• MATERIAL FOR THIS TASK:
BEGIN
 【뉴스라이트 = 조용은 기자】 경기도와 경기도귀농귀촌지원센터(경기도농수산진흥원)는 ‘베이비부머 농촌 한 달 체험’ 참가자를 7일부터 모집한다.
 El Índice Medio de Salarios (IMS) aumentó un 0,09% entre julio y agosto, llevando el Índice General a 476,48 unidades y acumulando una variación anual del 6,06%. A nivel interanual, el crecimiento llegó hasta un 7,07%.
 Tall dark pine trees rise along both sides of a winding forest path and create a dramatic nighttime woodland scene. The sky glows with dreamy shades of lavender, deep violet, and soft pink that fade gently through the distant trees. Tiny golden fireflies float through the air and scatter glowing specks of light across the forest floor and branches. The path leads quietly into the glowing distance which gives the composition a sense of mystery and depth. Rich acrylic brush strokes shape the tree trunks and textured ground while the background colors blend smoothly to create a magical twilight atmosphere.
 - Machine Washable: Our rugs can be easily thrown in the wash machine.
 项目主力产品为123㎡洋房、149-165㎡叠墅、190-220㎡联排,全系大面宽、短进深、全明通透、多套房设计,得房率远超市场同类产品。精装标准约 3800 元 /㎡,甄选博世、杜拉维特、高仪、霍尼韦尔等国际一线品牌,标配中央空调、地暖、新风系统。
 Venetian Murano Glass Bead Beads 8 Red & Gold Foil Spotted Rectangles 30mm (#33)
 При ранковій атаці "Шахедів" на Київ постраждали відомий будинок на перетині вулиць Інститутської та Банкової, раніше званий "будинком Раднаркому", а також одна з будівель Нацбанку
END
BEGIN
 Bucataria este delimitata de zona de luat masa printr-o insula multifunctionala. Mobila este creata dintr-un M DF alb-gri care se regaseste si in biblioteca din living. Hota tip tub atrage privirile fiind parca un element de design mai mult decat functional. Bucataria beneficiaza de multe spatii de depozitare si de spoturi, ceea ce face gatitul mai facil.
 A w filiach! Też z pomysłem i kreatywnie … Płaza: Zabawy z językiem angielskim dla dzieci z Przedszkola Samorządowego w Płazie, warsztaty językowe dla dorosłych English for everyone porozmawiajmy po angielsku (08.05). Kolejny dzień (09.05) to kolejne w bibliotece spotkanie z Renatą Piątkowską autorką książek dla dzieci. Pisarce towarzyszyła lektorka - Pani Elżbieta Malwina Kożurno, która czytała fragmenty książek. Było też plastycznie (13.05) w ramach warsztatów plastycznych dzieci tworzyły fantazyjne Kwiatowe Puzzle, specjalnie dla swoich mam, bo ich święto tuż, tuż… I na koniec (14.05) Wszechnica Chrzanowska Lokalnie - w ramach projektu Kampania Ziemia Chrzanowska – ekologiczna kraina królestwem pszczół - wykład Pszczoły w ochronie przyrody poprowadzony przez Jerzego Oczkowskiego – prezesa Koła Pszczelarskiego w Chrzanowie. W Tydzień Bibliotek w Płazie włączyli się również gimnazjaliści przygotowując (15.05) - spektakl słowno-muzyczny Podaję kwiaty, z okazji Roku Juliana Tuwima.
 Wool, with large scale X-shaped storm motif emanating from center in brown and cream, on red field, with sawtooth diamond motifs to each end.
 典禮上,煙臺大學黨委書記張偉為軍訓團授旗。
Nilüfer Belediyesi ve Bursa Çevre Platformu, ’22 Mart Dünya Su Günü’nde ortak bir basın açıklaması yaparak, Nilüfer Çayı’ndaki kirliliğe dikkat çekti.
END
BEGIN
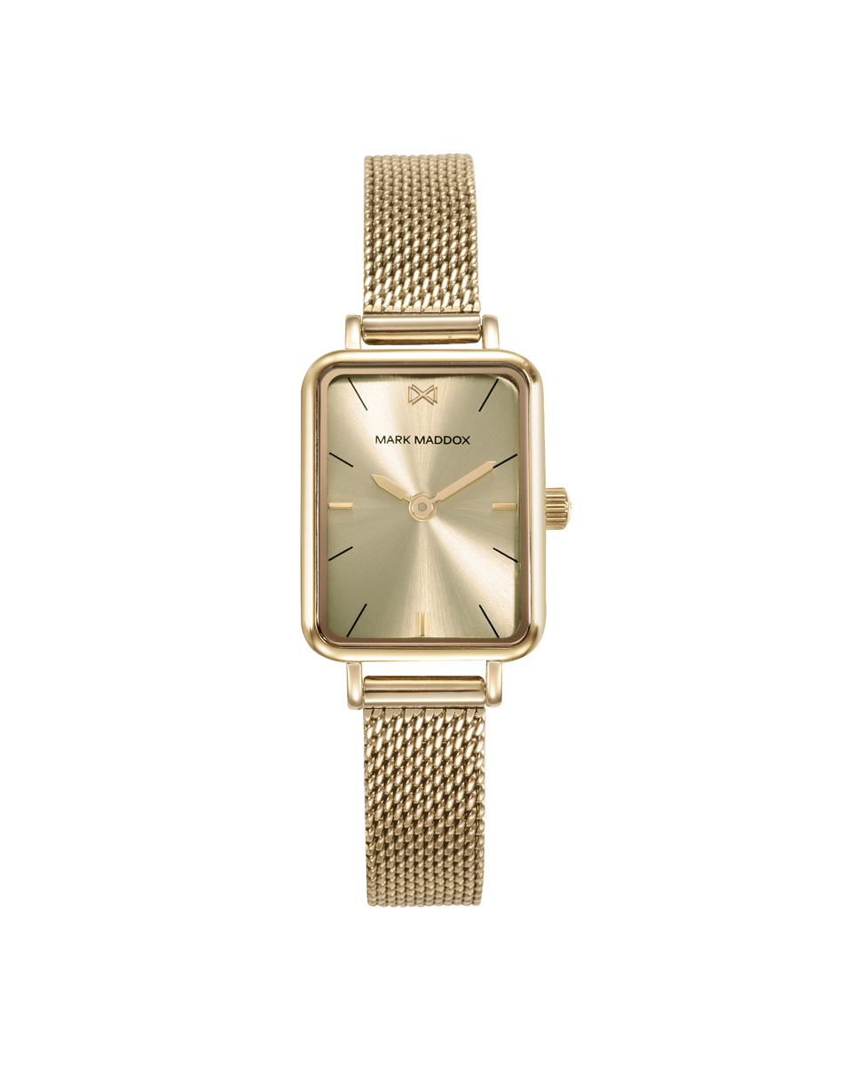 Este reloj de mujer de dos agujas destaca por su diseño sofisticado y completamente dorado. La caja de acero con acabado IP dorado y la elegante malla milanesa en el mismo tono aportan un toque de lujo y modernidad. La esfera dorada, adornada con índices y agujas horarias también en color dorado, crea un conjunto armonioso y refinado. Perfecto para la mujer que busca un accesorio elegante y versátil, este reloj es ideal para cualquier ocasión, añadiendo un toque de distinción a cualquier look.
END
• EXERCISE GOAL: Your task is to retype the entries verbatim, starting with the line that holds "참가자를 7일부터 모집한다." and stopping after the line that holds "El Índice Medio".

• COMPLETED TASK:
 【뉴스라이트 = 조용은 기자】 경기도와 경기도귀농귀촌지원센터(경기도농수산진흥원)는 ‘베이비부머 농촌 한 달 체험’ 참가자를 7일부터 모집한다.
 El Índice Medio de Salarios (IMS) aumentó un 0,09% entre julio y agosto, llevando el Índice General a 476,48 unidades y acumulando una variación anual del 6,06%. A nivel interanual, el crecimiento llegó hasta un 7,07%.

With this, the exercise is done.